[STORED DATA]:
-=-=-=-=-
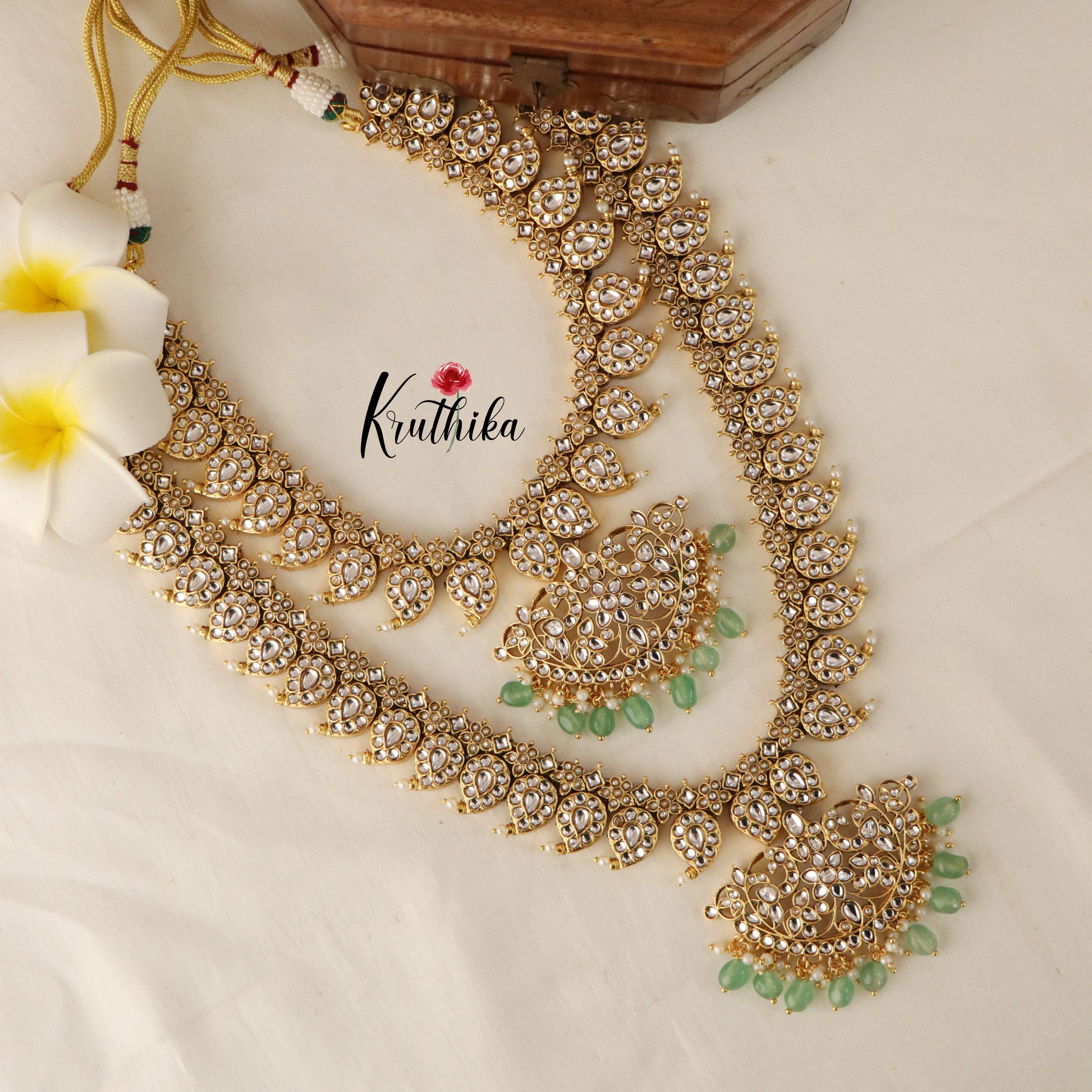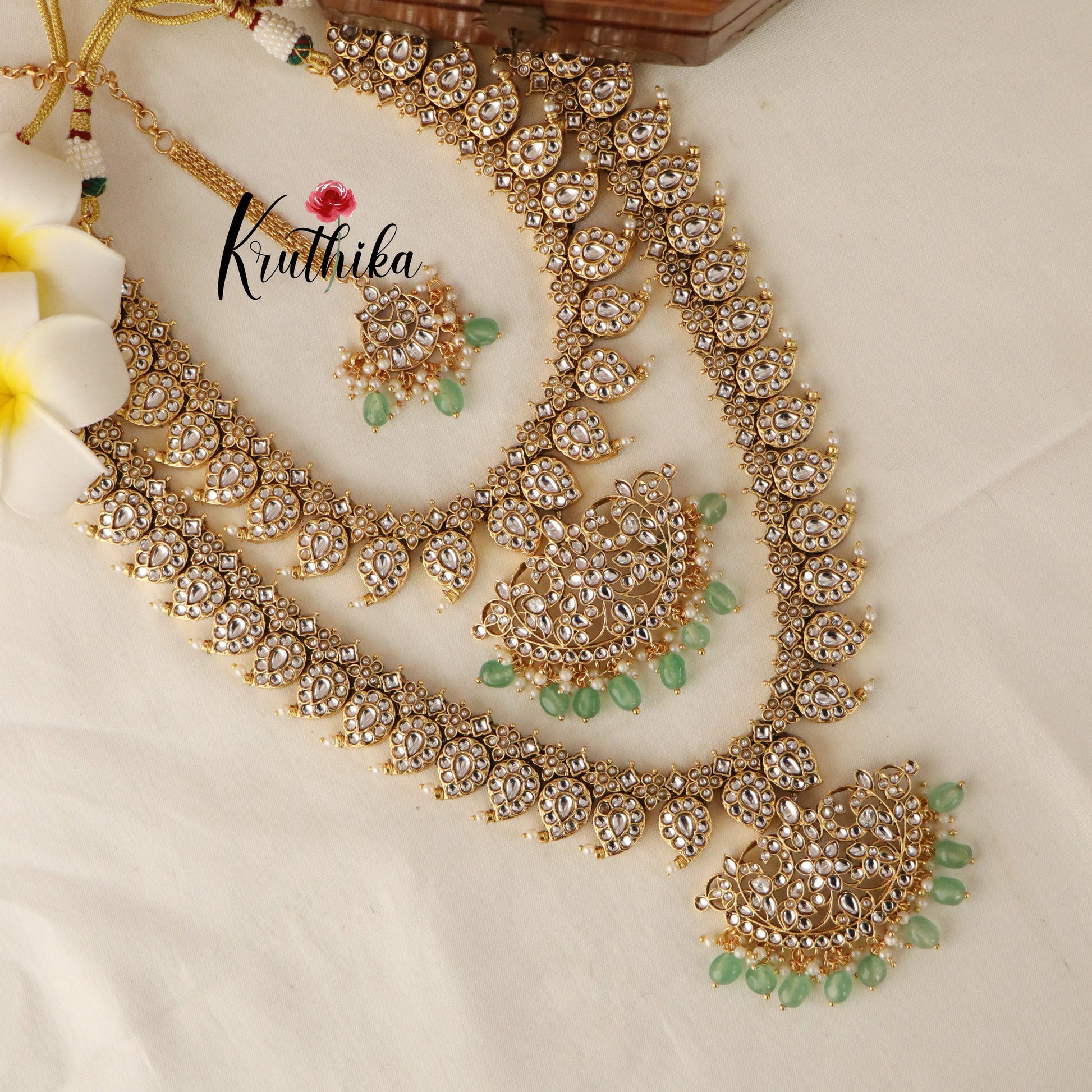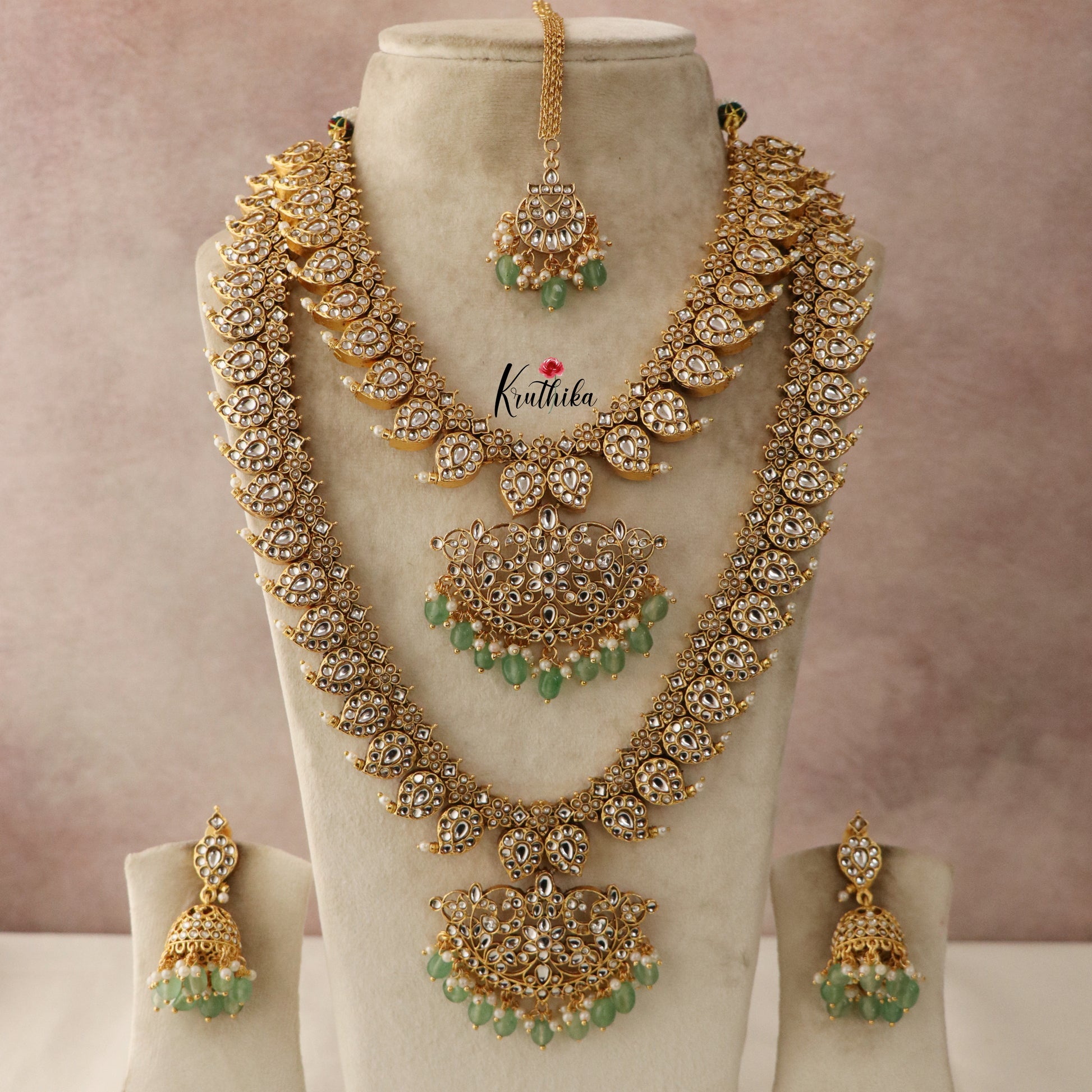 Includes - Necklace, Haaram, one pair of earrings, one maang tika
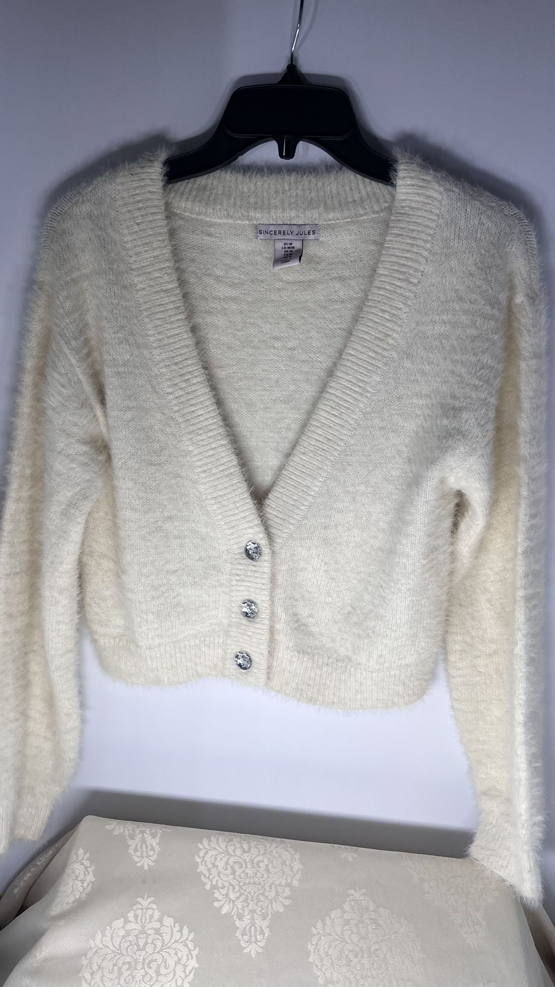 Fuzzy Cream Cropped Sweater Cardigan With Three Buttons, By Sincerely Jules
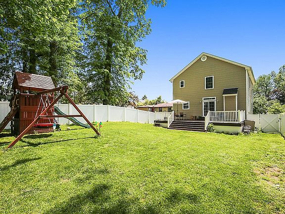 Built in 2014, this beautiful colonial home has it all! The open concept first floor includes a gourmet kitchen with granite counters, stainless steel appliances & center island, dining area, large living room w/gas fireplace, mud room, & sliders to the deck & fully fenced, serene backyard - swing set included! On the second floor there are 4 bedrooms including a master with vaulted ceiling & walk in closet, master bath, hall bath & laundry room. Behind the barn door in the fully finished basement you'll find an office space with a wet bar that can be used as a guest space. The basement also has a recreation room, large windows & full bath. Features include hardwood floors on 1st & 2nd floors, central air, central vacuum oversized garage. Located close (0.6mi) to town, train, shops, recreation & schools.
-=-=-=-=-
[ABOUT THIS EXERCISE]: Omit the pictures, then retype the remaining material without a single change.

[EXERCISE RESULT]:
 Includes - Necklace, Haaram, one pair of earrings, one maang tika
 Fuzzy Cream Cropped Sweater Cardigan With Three Buttons, By Sincerely Jules
 Built in 2014, this beautiful colonial home has it all! The open concept first floor includes a gourmet kitchen with granite counters, stainless steel appliances & center island, dining area, large living room w/gas fireplace, mud room, & sliders to the deck & fully fenced, serene backyard - swing set included! On the second floor there are 4 bedrooms including a master with vaulted ceiling & walk in closet, master bath, hall bath & laundry room. Behind the barn door in the fully finished basement you'll find an office space with a wet bar that can be used as a guest space. The basement also has a recreation room, large windows & full bath. Features include hardwood floors on 1st & 2nd floors, central air, central vacuum oversized garage. Located close (0.6mi) to town, train, shops, recreation & schools.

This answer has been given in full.